In the present case section 3(1) makes clear that ‘it shall be an offence for a person to engage in any licensable conduct’, with an exception where it is engaged in accordance with a licence. It follows that the engaging in licensable conduct (manned-guarding) without a licence amounted to criminal conduct, within the meaning of section 340(2) of POCA.

25.

Although (for the reasons we have given) we do not think it will be helpful to look at other statutory provisions and what may appear to be factually analogous situations, it is right that we address briefly the judge’s view that the conduct in the present case was ‘akin’ to the conduct of Singh in McDowell and Singh.

26.

The case of McDowell concerned arms dealing. Arms dealing is, by statute, prohibited conduct.

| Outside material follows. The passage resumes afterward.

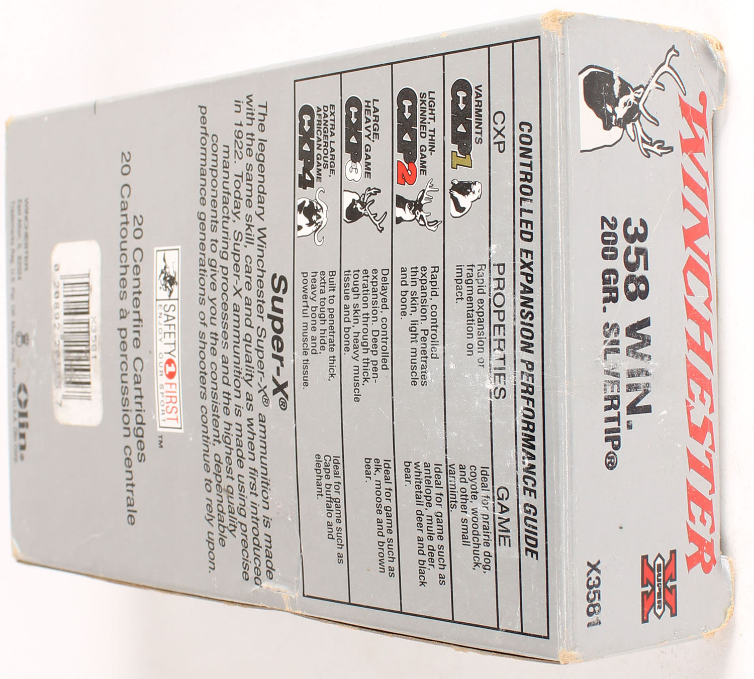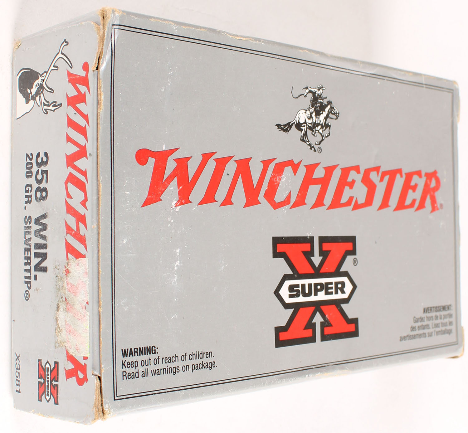 Winchester, Super X, .358 Winchester, 200 Grain Silvertip, Full, 1pc. Silver & red box, box is solid with minty color, some edge & corner wear, ammo is minty. Grade: Excellent + - Value: 30 to 90
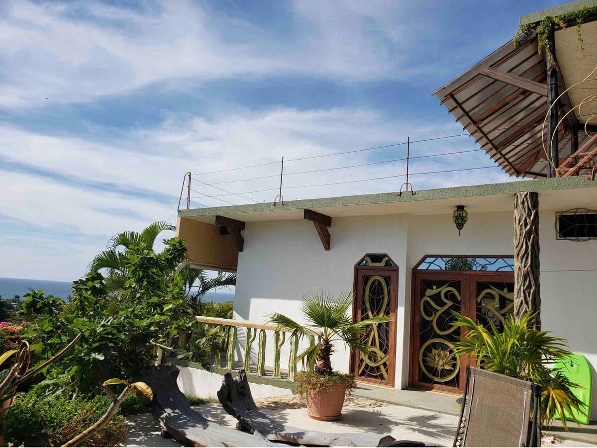 Entire house near Punta Zicatela with panoramic view of the Pacific Ocean, to enjoy a beautiful sunset/sunrise. The first room has a king size bed, handmade copper bathtub only decoration (does not work) bathroom, dressing room, office. The other is equipped with a queen size bed, desk and bathroom. It has a living room, kitchen, the dining room is a terrace with incredible ocean views, a beautiful pool and unparalleled architecture, surrounded by vegetation. Enjoy peace, tranquility and privacy.

Article 4(2) of the Trade in Goods (Control) Order 2003 [S1.2765/2003] prohibits the export of ‘controlled goods’ such as aircraft, accessories and ammunition without a licence. Article 4(8), however, provides an exception in that the Secretary of State may grant a licence ‘authorising any act otherwise prohibited under this Order’ (emphasis added). Thus, the 2003 Order makes it a criminal offence for anyone to engage in arms dealing without a licence. McDowell did not have a requisite licence and therefore his conduct in dealing in these controlled goods was consequently unlawful.

27.

The Singh case concerned scrap metal dealing. Scrap metal dealing is not prohibited conduct. Section 1 of the Scrap Metal Dealers Act 1964 (‘SMDA 1964’) did not make scrap metal dealing an offence in itself. However, section 1(1) provided that ‘no person shall carry on business as a scrap metal dealer… unless [their particulars] are for the time being entered on the register …’ (emphasis added). Section 1(7) made it an offence for a person to carry on business as a scrap metal dealer without being registered, since it provided:

(7) Any person who carries on business as a scrap metal dealer in contravention of subsection (1) of this section, or who fails to comply with the requirements of subsection (5) shall be guilty of an offence … (emphasis added).

28.

On this basis Mr Talbot submitted that the words of section 1(7) of the SMDA 1964 made clear that it was not the failure to register which was the criminal offence or activity, but the carrying on of business as a scrap metal dealer without registering. The conduct of carrying on business as a scrap metal dealer without being registered constituted an offence. The court concluded that the failure to register provision in section 1(5) of the SMDA 1964 was an ‘alternative means’ of committing the offence under section 1(7) of ‘carrying on business’ illegally, whereas in fact section 1(5) created a separate offence of failing to notify a change of circumstance. In any event, the provisions of section 1(5) could not affect the clear words of the first part of section 1(7).

29.

To the extent that he was inviting us to decide that the case of Singh was wrongly decided, we must decline his invitation. The SMDA 1964 has now been replaced by the Scrap Metal Dealers Act 2013 so the particular case of Singh is of historical interest only. The present case is, however, an illustration of the dangers of an approach by reference to analogy rather than the analysis set out in [34] of McDowell and Singh.

30.

For present purposes, it is sufficient for us to restate our clear view that section 3(1) of the PSIA created and defined a prohibited act and criminalised the activity of engagement in licensable conduct, not simply failing to obtain a licence.

31.

For these reasons we allow the appeal and remit the matter to the Crown Court to proceed afresh with the Prosecution application.